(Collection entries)
▼▼▼
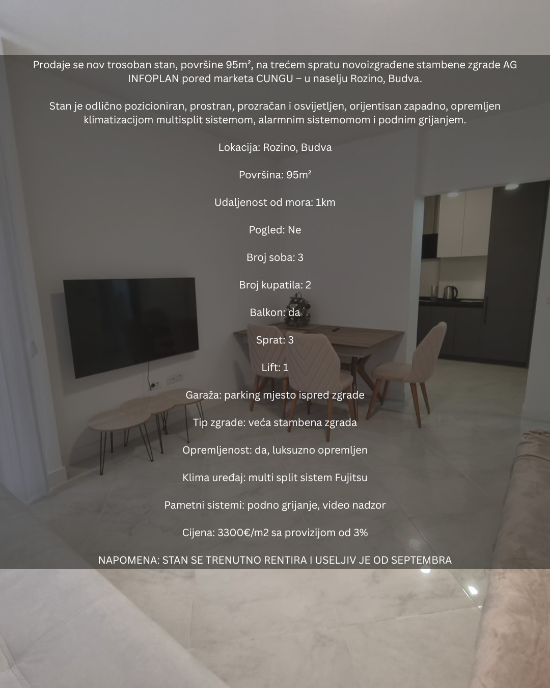 Opis: For sale: New three-bedroom apartment, 95m², on the third floor of a newly built residential building by AG INFOPLAN next to the CUNGU market – in the Rozino neighborhood, Budva. The apartment is excellently located, spacious, airy, and well-lit, facing west. It is equipped with a Fujitsu multisplit air conditioning system, an alarm system, and underfloor heating. Location: Rozino, Budva Area: 95m² Distance from the sea: 1 km View: None Number of rooms: 3 Number of bathrooms: 2 Balcony: Yes Floor: 3rd Elevator: Yes Garage: Parking space in front of the building Registered (property ownership): Yes Building type: Larger residential building Furnishing: Yes, luxuriously furnished Air conditioning: Fujitsu multisplit system Smart systems: Underfloor heating, video surveillance
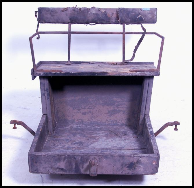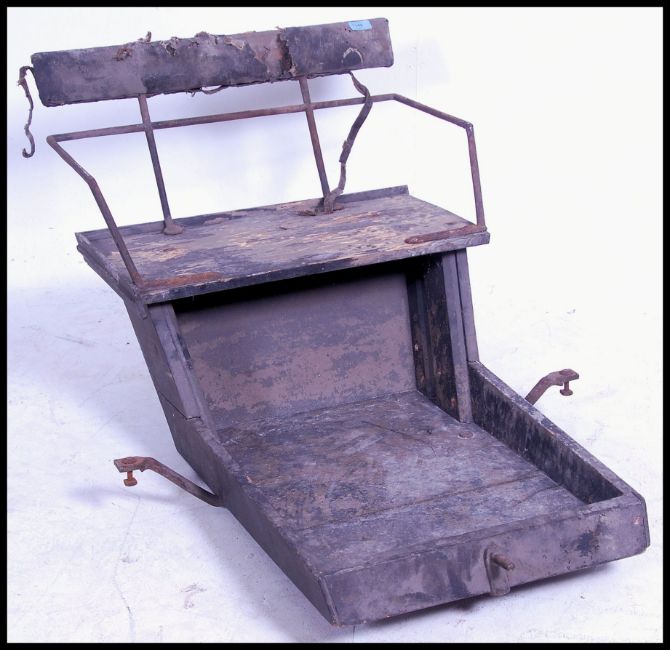 An early 20th century seat section from a horses cart / trap. Having an over stuffed leather seat pad. Please see images. Measures 53cm high x 62cm wide x 100cm deep.
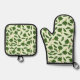 Green Spinach Leaves Pattern Oven Mitt & Pot Holder Set
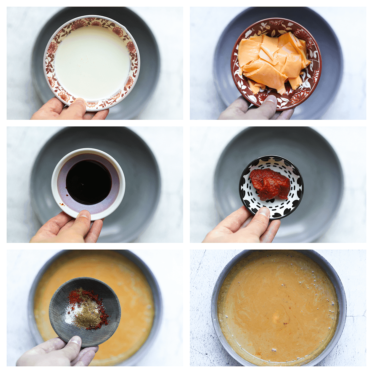 Verhit de ongeklopte slagroom in een aparte koekenpan op middelhoog vuur. Voeg de ketjap manis, tomatenpuree en cheddarkaas toe. Meng goed tot de kaas is gesmolten. Voeg het zout, cayennepeper en komijnpoeder toe. Meng goed tot een geheel.
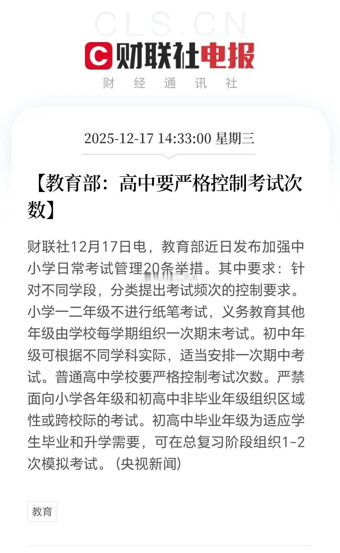 教育部发话了:小学一二年级不进行纸笔考试、其他年级每学期一次期末考试,初中适当安排一次期中考试,普通高中严空考试次数……其实,很多学校还做不到。月考,期中考,期末考,大考,小考…
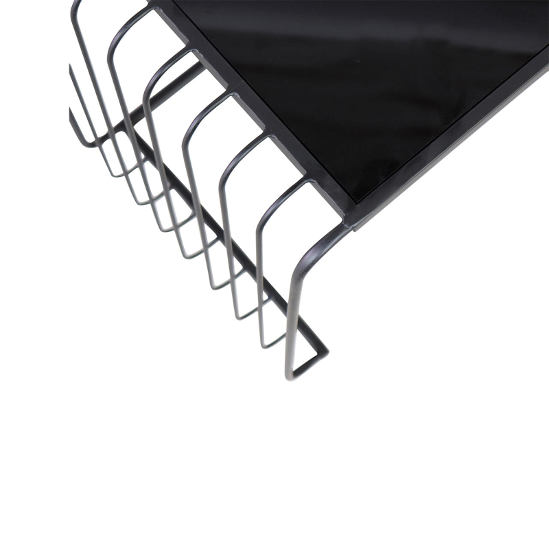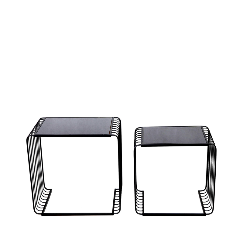Set of 2 Black Metal with Black Glass Top Nesting Table
▲▲▲
Before answering, please find the line containing "Green Spinach Leaves" above, then copy exactly from it through the last line of the entries, both included, without pictures.

 Green Spinach Leaves Pattern Oven Mitt & Pot Holder Set
 Verhit de ongeklopte slagroom in een aparte koekenpan op middelhoog vuur. Voeg de ketjap manis, tomatenpuree en cheddarkaas toe. Meng goed tot de kaas is gesmolten. Voeg het zout, cayennepeper en komijnpoeder toe. Meng goed tot een geheel.
 教育部发话了:小学一二年级不进行纸笔考试、其他年级每学期一次期末考试,初中适当安排一次期中考试,普通高中严空考试次数……其实,很多学校还做不到。月考,期中考,期末考,大考,小考…
Set of 2 Black Metal with Black Glass Top Nesting Table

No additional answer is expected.